$\newcommand\LL{\mathcal L}$Brief answer: The Scott topology is not Hausdorff, and therefore we have to deal here with the set of limits, rather than with the (unique) limit. Here, for the set $\LL_D$ of limits of the identity net on $D$ we have
\begin{equation*}
\LL_D=L_s:=\{y\in X\colon x\le s\},
\end{equation*}
where
\begin{equation*}
s:=s_D:=\sup D=\bigvee D.
\end{equation*}
One can similarly see that the statement "Suprema of sequences are also topological limits, i.e., $\sup x_n=x \iff \lim x_n=x$" in the paper linked in your post is incorrect in general (and almost always).

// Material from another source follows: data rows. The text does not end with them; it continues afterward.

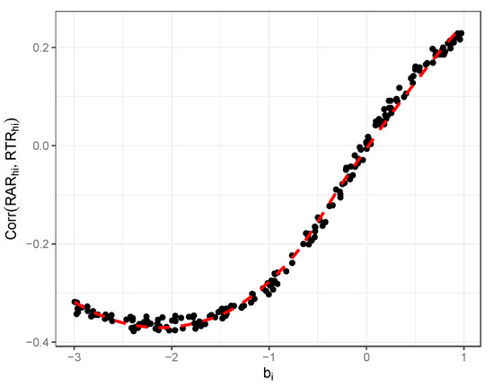 We can also consider the empirical associations seen between the latent proficiency and RAR/RTR associations as the empirical observation (3) above. Figure 8 displays these associations as estimated from our simulated data. Figure 8 shows the true generating as the x-axis and the estimated correlation between RAR and RTR at the respondent’s level in our simulation. As we simulated 200 item responses per respondent, each of these respondent-level correlations is estimated from 200 observations. Again, as discussed by De Boeck and Rijmen (2020), we see a strong negative correlation between proficiency level and this residual correlation, an additional empirical pattern they highlight.
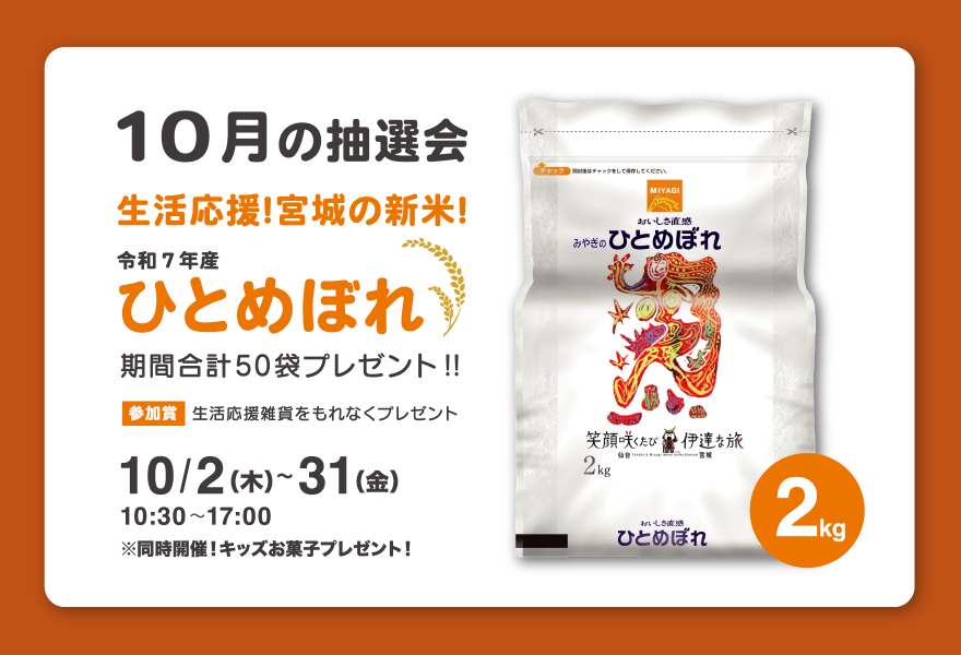 (9月25日更新) 平日 4 土 5 日 11 土 12 日 13 祝 18 土 19 日 25 土 26 日 10月の抽選会「宮城の新米ひとめぼれ」 ● ● ● ● ● ● ● ● ● ● KIDSイベント「ちびっ […]
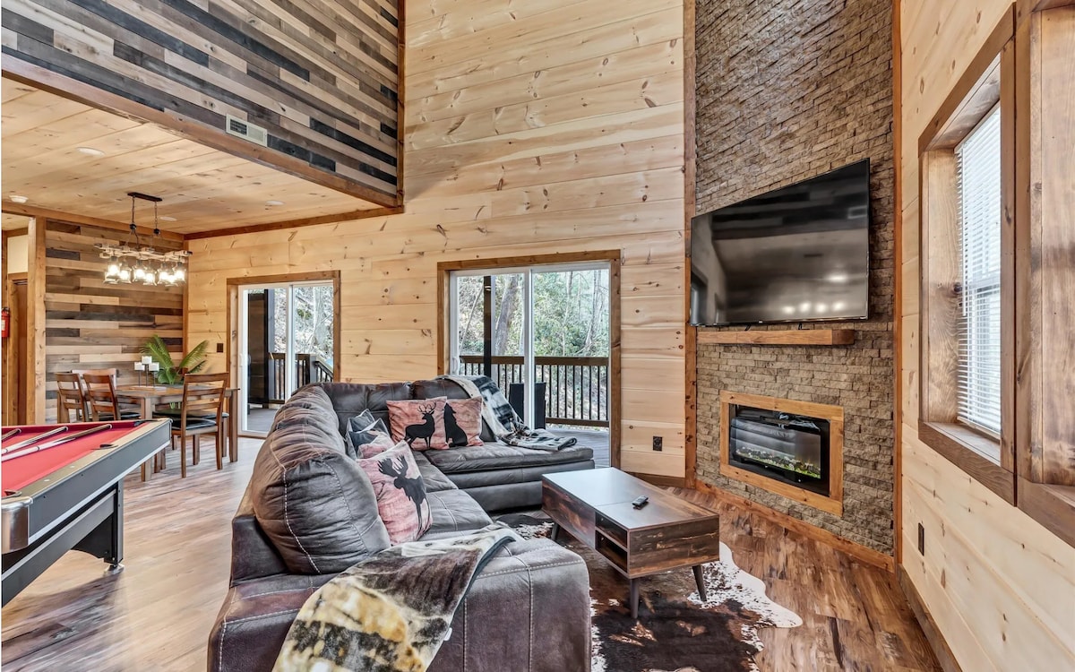 Entfliehe in unser luxuriöses Bergchalet, wo dich der Blick auf die Smoky Mountains und moderner Komfort erwarten! Entspanne dich am einzigartigen 3-seitigen Kamin, im Wohnbereich mit einem 65-Zoll-Smart-TV oder im Whirlpool mit Panoramablick auf die Berge. Die Gourmetküche mit Edelstahlgeräten, Espressomaschine und Essbereich für 8 Personen macht jede Mahlzeit unvergesslich. Genieße ein Spielzimmer mit Pool, Multicades und sogar einer Kletterwand. Das Hauptschlafzimmer verfügt über eine Badewanne am Fenster und bietet einen atemberaubenden Blick auf die Berge.

E.g., if $X=(-\infty,0]$ with the usual order and $x_n=0$ for all $n$, then $\sup x_n=0$, whereas the set of limits of $(x_n)$ in the Scott topology is the entire set $X=(-\infty,0]$.
Details:
First, a review of definitions.
Let $X$ be a set with a partial order $\le$.
A point $b\in X$ is an upper bound of a subset $A$ of $X$ if $x\le b$ for all $x\in A$.
A nonempty subset $D$ of $X$ is directed if any finite subset of $D$ has an upper bound in $D$.
A point $s\in X$ is the supremum of a subset $A$ of $X$ and denoted by $\sup A$ or $\bigvee A$ if $s$ is the least upper bound of $A$, that is, if $s$ is an upper bound of $A$ and for any upper bound $b$ of $A$ we have $s\le b$.
A subset $A$ of $X$ is an upper set if for any $x\in A$ we have $U_x\subseteq A$, where $U_x:=\{y\in X\colon x\le y\}$.
A subset $A$ of $X$ is a lower set if for any $x\in A$ we have $L_x\subseteq A$, where $L_x:=\{y\in X\colon y\le x\}$.
The pair $(X,\le)$ of a set $X$ with a partial order $\le$ is a directed-complete partial order (dcpo) if each directed subset $D$ of $X$ has a supremum. In what follows, $(X,\le)$ will be a dcpo.
A subset $G$ of $X$ is open in the Scott topology, or Scott-open, if $G$ is an upper set and for any directed subset $D$ of $X$ such that $\sup D\in G$ we have $D\cap G\ne\emptyset$. Equivalently, a subset $F$ of $X$ is closed in the Scott topology, or Scott-closed, if $F$ is a lower set and for any directed subset $D$ of $F$ we have $\sup D\in F$.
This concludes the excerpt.